After having lunch (in the shade!), we went further down the beach to our second tidal pool area. Before getting there, Professor Berman asked why there are fewer tunicates on Lovells Island than there used to be. This is because these tunicates start swimming, smack into rocks and then attach themselves. But, they can be knocked off and things can keep them from attaching. Storms are also a big reason of why there are fewer. But, besides the same organisms as in the last tidal pool (hermit crabs, rockweed, periwinkles, crabs and barnacles) but we did see some tunicates. Because of the bright orange color and colony living as well as flower shape, I identified this tunicate as the Orange Sheath Tunicate. This is one of the tunicates that we found at the Barking Crab the other day as well.

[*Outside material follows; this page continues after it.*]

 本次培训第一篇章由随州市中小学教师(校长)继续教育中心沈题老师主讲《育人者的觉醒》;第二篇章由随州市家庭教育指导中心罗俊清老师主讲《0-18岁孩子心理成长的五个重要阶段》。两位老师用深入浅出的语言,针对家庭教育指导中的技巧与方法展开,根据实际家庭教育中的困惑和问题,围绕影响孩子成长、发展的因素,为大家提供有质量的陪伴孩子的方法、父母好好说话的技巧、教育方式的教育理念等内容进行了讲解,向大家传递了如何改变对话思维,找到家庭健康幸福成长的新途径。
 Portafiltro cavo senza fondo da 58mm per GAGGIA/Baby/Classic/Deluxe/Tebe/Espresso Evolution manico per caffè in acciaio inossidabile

After finishing in the tide pools, we walked back to the Belle. But along the way we found a few terrestrial snails. We had seen some snail shells before while we were on the beach on the rusty old wheel (or whatever it was). These shells were broken open and we were unsure as to why. And what exactly these shells were. Upon seeing the live land snails we discovered that these are terrestrial land snails, not periwinkles as originally thought. Upon even further investigation we discovered that this snail had a stripe on its shell, a darker black stripe than the rest of the snail shell, which was a lighter brown and creamy color. When I was researching these snails, it seems to be be a white lipped snail. We then headed back to the Belle to head back to the docks.

On the way back we dissected the large striped bass aught earlier today. Captain Charlie started by slitting it down the backbone and creating two filets (one from each side). We could tell this bass was a female because there was a lot of roe in the fish. Also, in the stomach of this bass there was some shrimp (shrimp seems to be a common food for these bass). Overall this dissection was very informative. We also learned on the way back that Flounder, in this case Summer Flounder or Fluke (Paralichthys dentatus) start with their eyes together at the top of their head, but then the eyes migrate to either the left or right side of their head, creating virtually two different species of flounder – right eyed flounder and left eyed flounder. Oh, and I also got to drive the boat part of the way back... That was so fun!

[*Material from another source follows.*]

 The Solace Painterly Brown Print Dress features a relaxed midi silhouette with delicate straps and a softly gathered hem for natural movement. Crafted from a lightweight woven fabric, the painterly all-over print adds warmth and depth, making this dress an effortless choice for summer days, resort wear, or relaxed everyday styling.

Our final question is how are Lovells Island and the docks at the Barking Crab similar/different? It seems to me that they are very similar. There are similar organisms in both areas, making them seem very similar. But, there were more plants at the dock than on the island. This could be due to increased wave action on the beachfront than on the bottom of the dock. However, in my opinion, neither the docks at the Barking Crab  nor Lovells Island is necessarily more diverse or healthy. Both the environments are diverse and very healthy, they’re just different. There will be different organisms that are on the docks because the docks are closer to a large population of people whereas Lovells Island gets more wave action. But that doesn’t make it any better or worse.

Overall today was a wonderful day and I can’t wait for the adventures that are to come! I have had so many remarkable experiences so far, I can't wait for them to continue. Swimming today and looking at all the fascinating creatures was definitely the major highlight of the day. I also loved not only being on the boat, but driving it. That was my other major highlight.